School of Computer and Information Technology, Shanxi University, Taiyuan 030006, Shanxi, China.
IEEE Trans Pattern Anal Mach Intell. 2013 Jun;35(6):1509-22. doi: 10.1109/TPAMI.2012.228.
As a leading partitional clustering technique, k-modes is one of the most computationally efficient clustering methods for categorical data. In the k-modes, a cluster is represented by a "mode," which is composed of the attribute value that occurs most frequently in each attribute domain of the cluster, whereas, in real applications, using only one attribute value in each attribute to represent a cluster may not be adequate as it could in turn affect the accuracy of data analysis. To get rid of this deficiency, several modified clustering algorithms were developed by assigning appropriate weights to several attribute values in each attribute. Although these modified algorithms are quite effective, their convergence proofs are lacking. In this paper, we analyze their convergence property and prove that they cannot guarantee to converge under their optimization frameworks unless they degrade to the original k-modes type algorithms. Furthermore, we propose two different modified algorithms with weighted cluster prototypes to overcome the shortcomings of these existing algorithms. We rigorously derive updating formulas for the proposed algorithms and prove the convergence of the proposed algorithms. The experimental studies show that the proposed algorithms are effective and efficient for large categorical datasets.

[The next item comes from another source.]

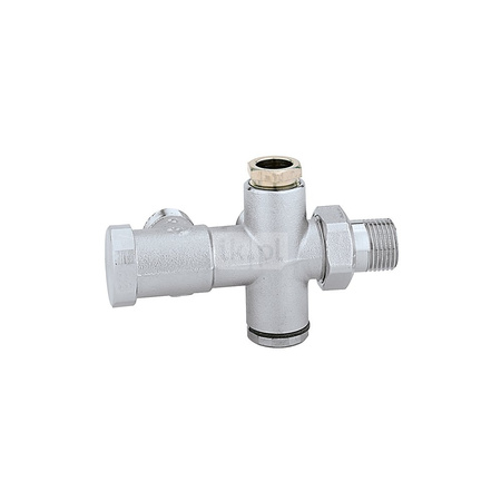 Zawór grzejnikowych do instalacji jednorurowych Z szablonem naściennym, rozetą maskującą i przyłączem elementu łączącego. Element łączący Ø 15 mm (seria 454). Natężenie przepływu do grzejnika: 50%. podłącznie rury: 23 p. 1,5, wlot, Podłączenie do złączek Caleffi. podłączenie grzejnika: G 1/2" A (ISO 228-1) GZ, wylot. Maksymalne ciśnienie pracy: 10 bar. Zakres temperatury medium: 5–100 °C. Rozstaw przyłączy głównych: 40 mm. Wykończenie: chromowane. Kv: 2,2 m³/h. Materiał: mosiądz.

作为一种主要的分区聚类技术,k-均值是用于分类数据的最有效计算方法之一。在 k-均值中,一个聚类由一个“模式”表示,该模式由聚类中每个属性域中出现最频繁的属性值组成,然而,在实际应用中,仅使用每个属性中的一个属性值来表示聚类可能不够充分,因为这反过来可能会影响数据分析的准确性。为了摆脱这一缺陷,开发了几种修改后的聚类算法,为每个属性中的几个属性值分配适当的权重。尽管这些修改后的算法非常有效,但它们的收敛证明却缺乏。在本文中,我们分析了它们的收敛特性,并证明除非它们退化到原始的 k-均值类型算法,否则它们在其优化框架下无法保证收敛。此外,我们提出了两种具有加权聚类原型的不同修改算法,以克服现有算法的缺点。我们严格推导了所提出算法的更新公式,并证明了所提出算法的收敛性。实验研究表明,所提出的算法对于大型分类数据集是有效和高效的。